Submitted to: Veterinary Parasitology
Publication Type: Book / Chapter
Publication Acceptance Date: 12/10/2008
Publication Date: 9/2/2010
Citation: Guerrero, F., Dowd, S.E. 2010. Tick G protein-coupled receptors as targets for development of new acaricides. In: LaMann, G.V. Veterinary Parasitology. New York, NY: Nova Biomedical Press, Inc. p. 241-250.

Interpretive Summary: The family of proteins known as G protein-coupled receptors (GPCR) are a class of receptors which are targets of many drugs in human medicine and are still being pursued in research programs as promising targets for drug development. GPCRs have been identified in arthropods and with the advent of expressed sequence tag (EST) and genome sequencing projects in the ticks Ixodes scapularis, Rhipicephalus (Boophilus) microplus, and Rhipicephalus appendiculatus there is an opportunity for analyzing these sequence databases to identify tick GPCRs. These tick GPCRs can be identified using specialized GPCR-targeted bioinformatic computer software approaches and investigated for their potential in the development of novel tick control chemical technologies. There is precedence for developing acaricides targeting membrane-associated proteins like the GPCR family, as the pyrethroid, formamidine and macrocyclic lactone families of acaricides target membrane-associated proteins. Current acaricides are becoming less effective due to problems with resistance and new classes of acaricides which attack new targets are desperately needed by the cattle industry. We have used bioinformatics approaches to identify and classify putative tick-specific GPCRs in our R. microplus gene index of assembled EST sequences. Several followup approaches are identified and discussed which can facilitate discovery of chemical compounds which inactivate prioritized tick GPCRs and can serve as lead compounds for evaluation as a potential acaricide.

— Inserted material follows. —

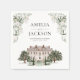 Ce design présente un magnifique manoir de campagne orné de fleurs blanches et de verdure.

Technical Abstract: The GPCR class of receptors is a source of many pharmacologicals in human medicine and are still being pursued in research programs as promising targets for drug development. GPCRs have been identified in arthropods and with the advent of expressed sequence tag (EST) and genome projects in the ticks Ixodes scapularis, Rhipicephalus (Boophilus) microplus, and Rhipicephalus appendiculatus there is an opportunity for mining these sequence databases to identify tick GPCRs. These tick GPCRs can be identified using GPCR-targeted bioinformatic approaches and investigated for their potential in the development of novel tick control chemical technologies. There is precedence for developing acaricides targeting membrane-associated proteins like the GPCR family, as the pyrethroid, formamidine and macrocyclic lactone families of acaricides target membrane-associated proteins. Current acaricides are becoming less efficacious due to problems with resistance and new chemistries which attack new targets are desperately needed by the cattle industry. We have used bioinformatics approaches to identify and classify putative tick-specific GPCRs in our R. microplus gene index of assembled EST sequences. Opportunities for using high throughput screening approaches are identified and discussed which can facilitate discovery of chemical compounds which inactivate the GPCR and can serve as an acaricide.